* _AVAILABLE DATA_:

______________________________

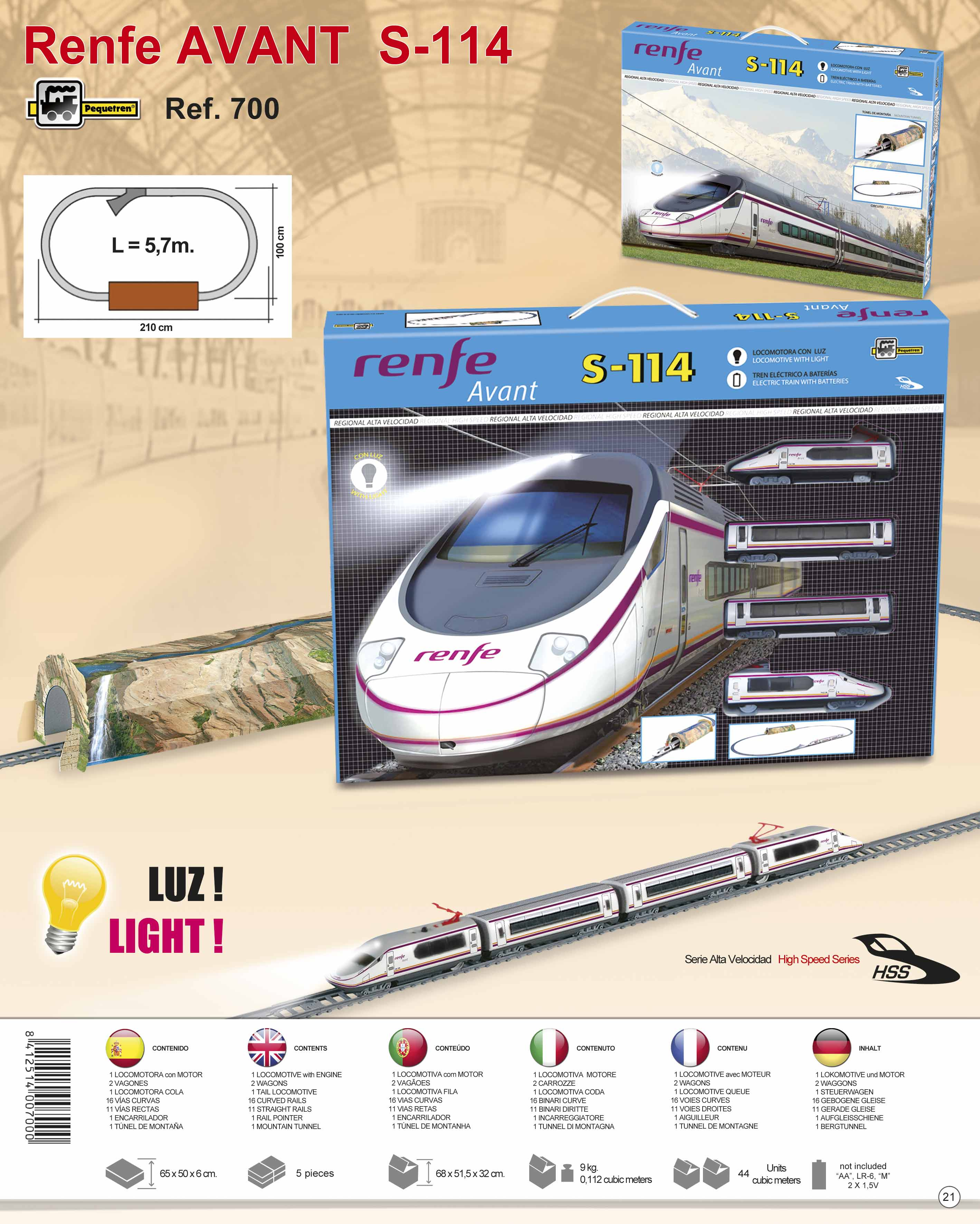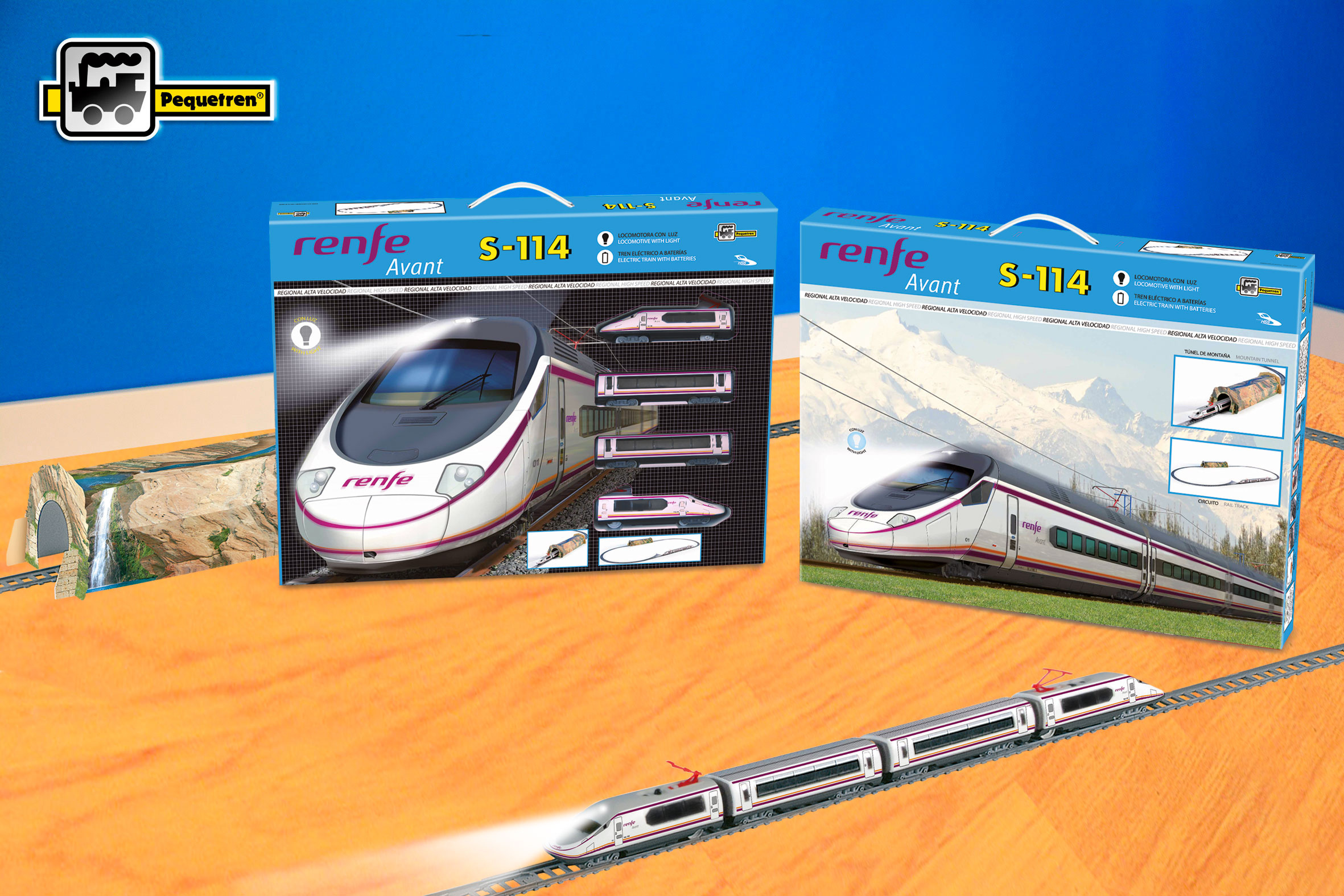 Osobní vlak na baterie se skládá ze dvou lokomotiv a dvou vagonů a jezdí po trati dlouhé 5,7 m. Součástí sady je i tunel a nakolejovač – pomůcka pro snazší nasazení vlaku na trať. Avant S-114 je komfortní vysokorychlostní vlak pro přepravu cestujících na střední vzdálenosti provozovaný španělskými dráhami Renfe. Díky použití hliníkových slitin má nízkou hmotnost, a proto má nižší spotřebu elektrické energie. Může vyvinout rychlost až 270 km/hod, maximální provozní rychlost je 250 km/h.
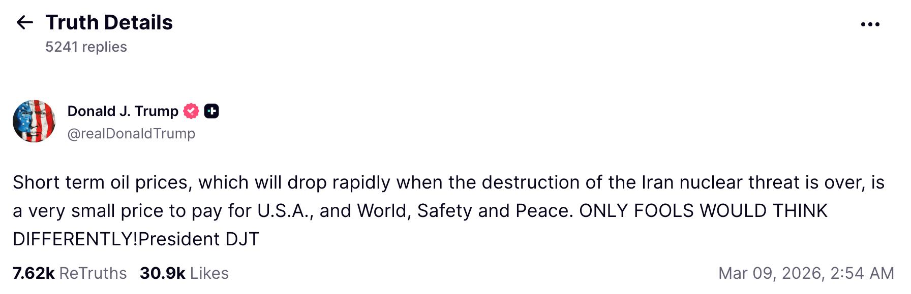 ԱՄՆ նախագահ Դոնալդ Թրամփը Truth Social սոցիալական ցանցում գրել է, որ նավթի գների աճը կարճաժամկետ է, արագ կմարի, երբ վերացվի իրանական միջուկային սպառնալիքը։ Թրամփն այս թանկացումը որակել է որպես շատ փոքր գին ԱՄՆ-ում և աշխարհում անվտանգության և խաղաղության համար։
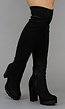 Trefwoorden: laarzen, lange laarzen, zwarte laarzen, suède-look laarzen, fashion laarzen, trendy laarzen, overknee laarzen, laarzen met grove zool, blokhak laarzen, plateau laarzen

______________________________

* _TASK REQUIREMENTS_: Skip the pictures. Return exactly the lines from the one containing "ԱՄՆ նախագահ Դոնալդ" through the end of the data above, both included, and nothing besides.

* _OUTPUT FOR THIS EXERCISE_:
 ԱՄՆ նախագահ Դոնալդ Թրամփը Truth Social սոցիալական ցանցում գրել է, որ նավթի գների աճը կարճաժամկետ է, արագ կմարի, երբ վերացվի իրանական միջուկային սպառնալիքը։ Թրամփն այս թանկացումը որակել է որպես շատ փոքր գին ԱՄՆ-ում և աշխարհում անվտանգության և խաղաղության համար։
 Trefwoorden: laarzen, lange laarzen, zwarte laarzen, suède-look laarzen, fashion laarzen, trendy laarzen, overknee laarzen, laarzen met grove zool, blokhak laarzen, plateau laarzen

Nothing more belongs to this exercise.